So why doesn't script-based job-control work, and what makes it a bad practice (aka 'stupid')?
Edit: The script in question starts a background process, starts a second background process, then attempts to put the first process back into the foreground so that it has normal terminal I/O (as if run directly), which can then be redirected from outside the script. Can't do that to a background process.
As noted by the accepted answer to the other question, there exist other scripts that solve that particular problem without attempting job control. Fine. And the lambasted script uses a hard-coded job number — Obviously bad. But I'm trying to understand whether job control is a fundamentally doomed approach.

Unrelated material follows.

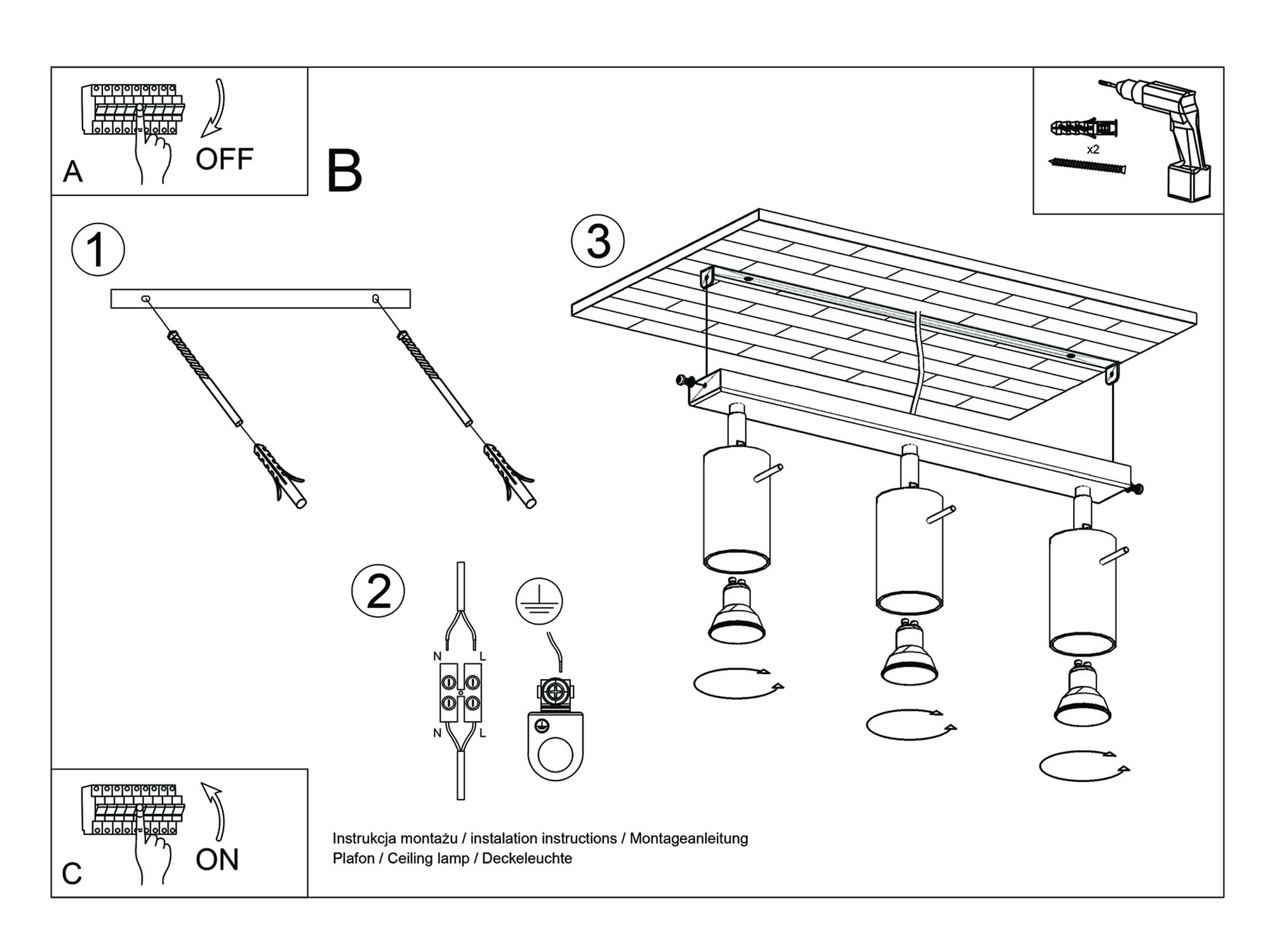Źródło światła: GU10, 3x max 10W LED, ~230V, 50Hz, IP20, klasa ochronności I
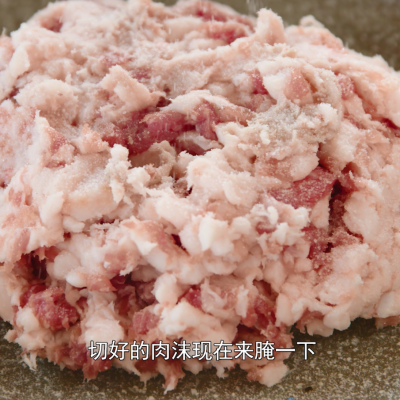 17、切一点肉末,然后腌制一下,抓匀(加入盐、椒盐、胡椒粉、生抽、耗油、葱花腌制)

It still seems like maybe it could work...

What he meant is that job control is by default turned off in non-interactive mode (i.e. in a script.)
From the bash man page:
JOB CONTROL
Job control refers to the ability to selectively stop (suspend)
the execution of processes and continue (resume) their execution at a
later point.
A user typically employs this facility via an interactive interface
supplied jointly by the system’s terminal driver and bash.
and
set [--abefhkmnptuvxBCHP] [-o option] [arg ...]
...
-m Monitor mode. Job control is enabled. This option is on by
default for interactive shells on systems that support it (see
JOB CONTROL above). Background processes run in a separate
process group and a line containing their exit status is
printed upon their completion.
When he said "is stupid" he meant that not only:
is job control meant mostly for facilitating interactive control (whereas a script can work directly with the pid's), but also
I quote his original answer, ... relies on the fact that you didn't start any other jobs previously in the script which is a bad assumption to make. Which is quite correct.
UPDATE
In answer to your comment: yes, nobody will stop you from using job control in your bash script -- there is no hard case for forcefully disabling set -m (i.e. yes, job control from the script will work if you want it to.) Remember that in the end, especially in scripting, there always are more than one way to skin a cat, but some ways are more portable, more reliable, make it simpler to handle error cases, parse the output, etc.
You particular circumstances may or may not warrant a way different from what lhunath (and other users) deem "best practices".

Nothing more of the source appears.